Now, with vaccinations readily available to all, the country’s newest Green Pass initiative is being hyped to revive cultural life in Israel for good.
“It’s really exciting that we can open our doors again. This is the first time there’s a feeling that we’ll be able to stay open,” Shapiro-Weiss tells NoCamels. “Even if we cannot welcome foreign tourists just yet, because no one has been out for a year, the whole country can be tourists to Jerusalem. Come to Jerusalem and explore and see.”
The Tower of David museum, like other museums around the country, has updated its exhibits even during the coronavirus lockdowns. The new exhibit, BANAI – A Musical Journey from Persia to Jerusalem, tells the story of the sounds and sights of one of the most creative families in Israel.

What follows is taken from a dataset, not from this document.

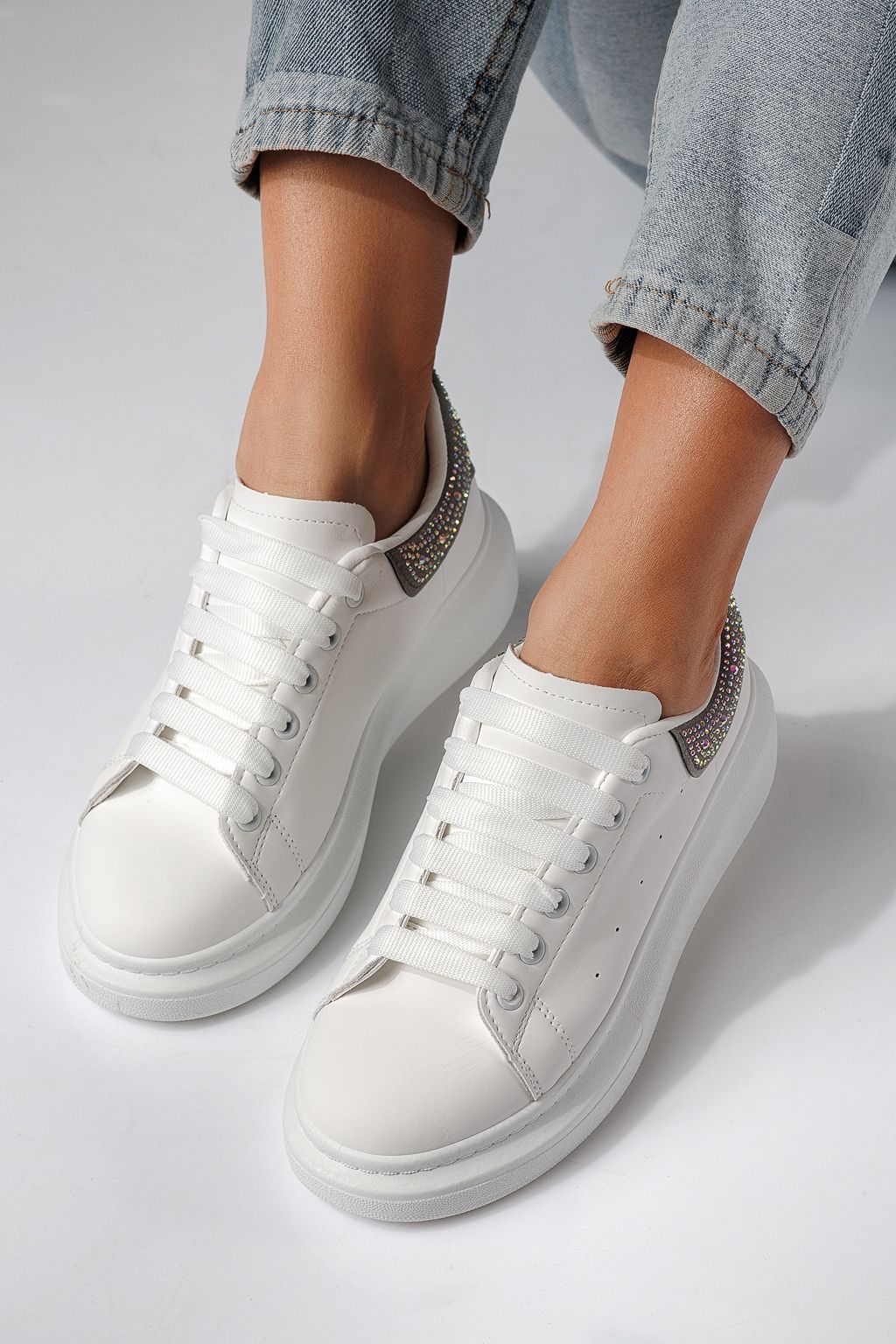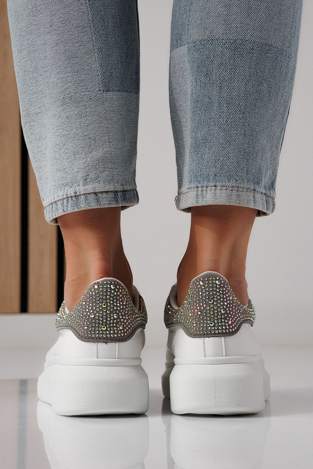 Дамски маратонки бели със сиво от еко кожа Raya #24235

“It is an exhibit that speaks to the local tourist. The exhibit embodies the story of Israel,” says Shapiro-Weiss.
The museum is also hosting outdoor events, a running tour of the city, and self-guided tours.
“We’re not opening our doors to how it was. We’re going to a new normal, a good new normal. If we were closed, we can now be open. We have huge spaces outdoors, we’ve got self-guided tours so people can come and in their own space learn but equally experience something at the same time as other people, we’re very hopeful,” she says.
And now, after nearly a year of silence, new events are popping up every day.
“Culture and music are like medicine for the soul. It is more than just music,” says Amir. “It relaxes us. It makes us happier. It gives us the opportunity to create more music and to make more people happy, to ease their nerves and all the emotions of this last year. People have been missing culture. I’m more than excited that culture is coming back.”